Обложка книги Книга Бархатная кибитка / Современная проза / Твердый переплет / Павел Пепперштейн, Павел Пепперштейн  
Поделись книгой!
 
Издательство: Альпина. Проза, 2023
Переплёт: Твердый переплет, 648 страниц
ISBN: 978-5-00139-671-0
Тираж: 3000

Где найти книгу?

📒 Новый роман Павла Пепперштейна, на первый взгляд посвященный описанию собственного детства. На самом деле этот роман представляет собою опыт изучения детства как культурного феномена. Различные типы детств и отрочеств (английское детство, французское, позднесоветское, русско-дворянское, скандинавское) так или иначе появляются в этом повествовании. Детство осторожно крадется по тонкой линии между мирами.
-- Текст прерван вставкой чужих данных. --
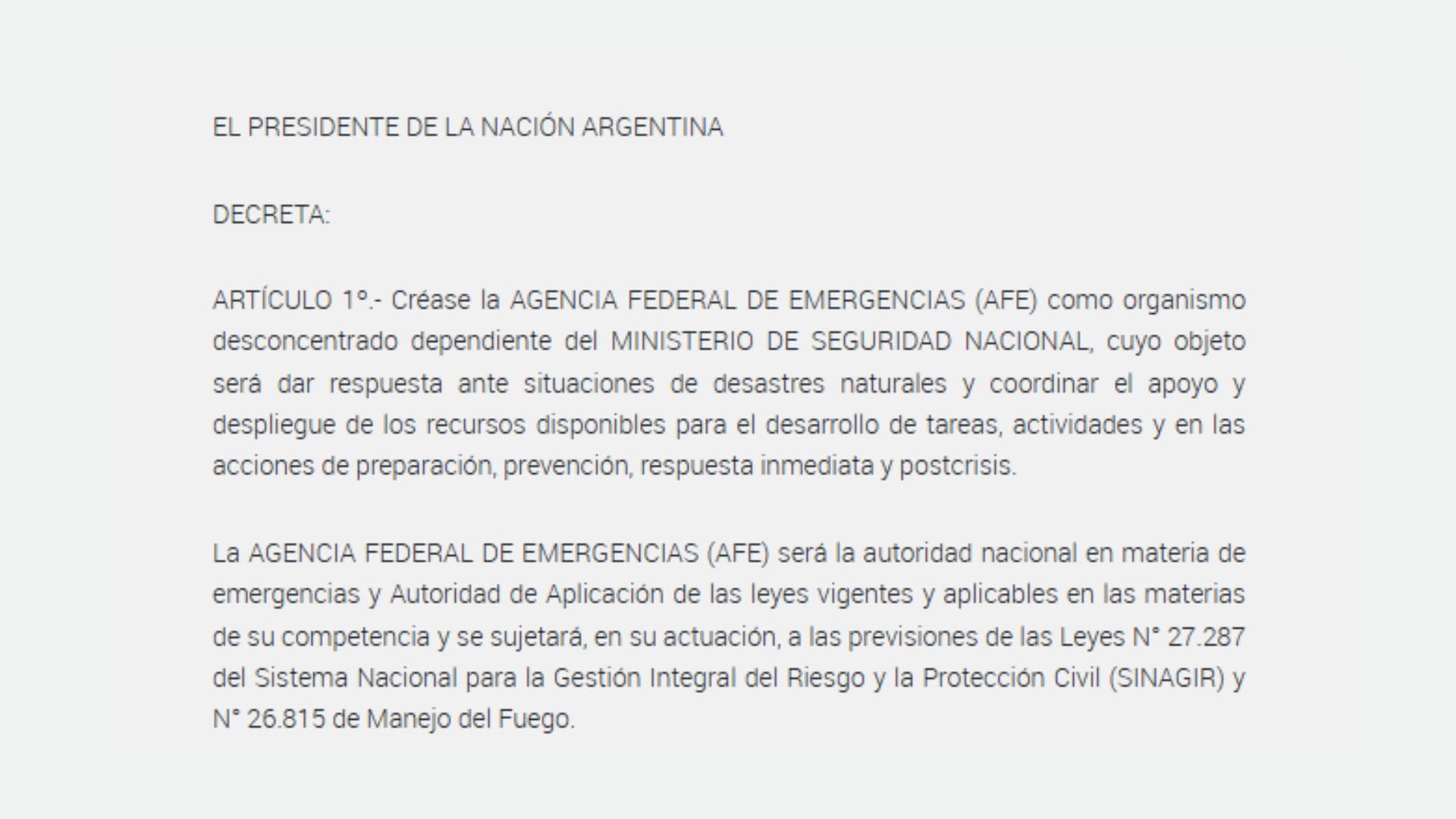 “Resulta necesario centralizar en un solo organismo las estrategias a cargo del Estado Nacional en materia de asistencia directa ante situaciones de emergencia, con el fin de reducir los efectos negativos sobre la población afectada […] Corresponde crear la AGENCIA FEDERAL DE EMERGENCIAS (AFE) como organismo desconcentrado dependiente del MINISTERIO DE SEGURIDAD NACIONAL, la que tendrá como competencia dar respuesta ante situaciones de desastres naturales”, afirma la publicación del Decreto.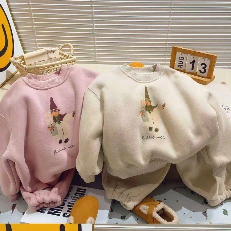 加绒加厚卫衣套装 儿童2025冬季 新款 韩风童装 两件套 女童洋气卫衣裤

В том числе между мирами литературных традиций и пространством литературного эксперимента. В последних главах выясняется, что роман представляет собой испытание нового жанра, которому автор присвоил название «эйфорический детектив».

Цитаты

"Вообще-то я задумал роман о детстве. О детстве? О моем, что ли, детстве? О детстве человека, блуждающего по соленым приморским краям под вымышленным именем Кай Нильский? Или же о детстве некоего Пепперштейна? Или о детстве некоего Паши Пивоварова? Или о детских годах некоего Петра Петербурга? Или о детстве школьника Карла? Или о детстве мальчиков-эдельвейсов и девочек-люверс? Или о так называемом позднесоветском детстве? Или же о детстве вообще, о феномене детства? Или же о некоем существе среднего рода по имени Детство? Куда, кстати, ушло оно? К ребятам по соседству, где каждый день кино? Да никуда оно не ушло. У нас и сейчас кино. Некоторые фильмы мы вам даже покажем — из числа тех, которые принято смотреть с закрытыми глазами."

"Дисциплинированные империи дают как минимум один полезный урок: свобода живет лишь в тайне, лишь в незаметности, лишь под прикрытием. Если ее заметили, считай — ее уже нет."

"Я дитя позднесоветской богемы, то есть того мира, где подпольные миллионеры тусовались с нищими поэтами, послы иностранных держав обнимались с дервишами, а дочурки советских вельмож благоговейно облизывали уши изможденных диссидентов, недавно выпущенных из тюрьмы. Богема по сути есть осуществленная социальная утопия, мир, где агнец возлежит со львом и шакал заискивает перед улиткой. Нищета в этом мире бывала роскошной, вальяжной, капризной, почитаемой, изысканной, священной. Богатство в этом мире бывало тайным, укромным, сокровищным, пиратским, кощеевско-бессмертным, романтическим, приключенческим, отчаянно-авантюрным, мифологическим."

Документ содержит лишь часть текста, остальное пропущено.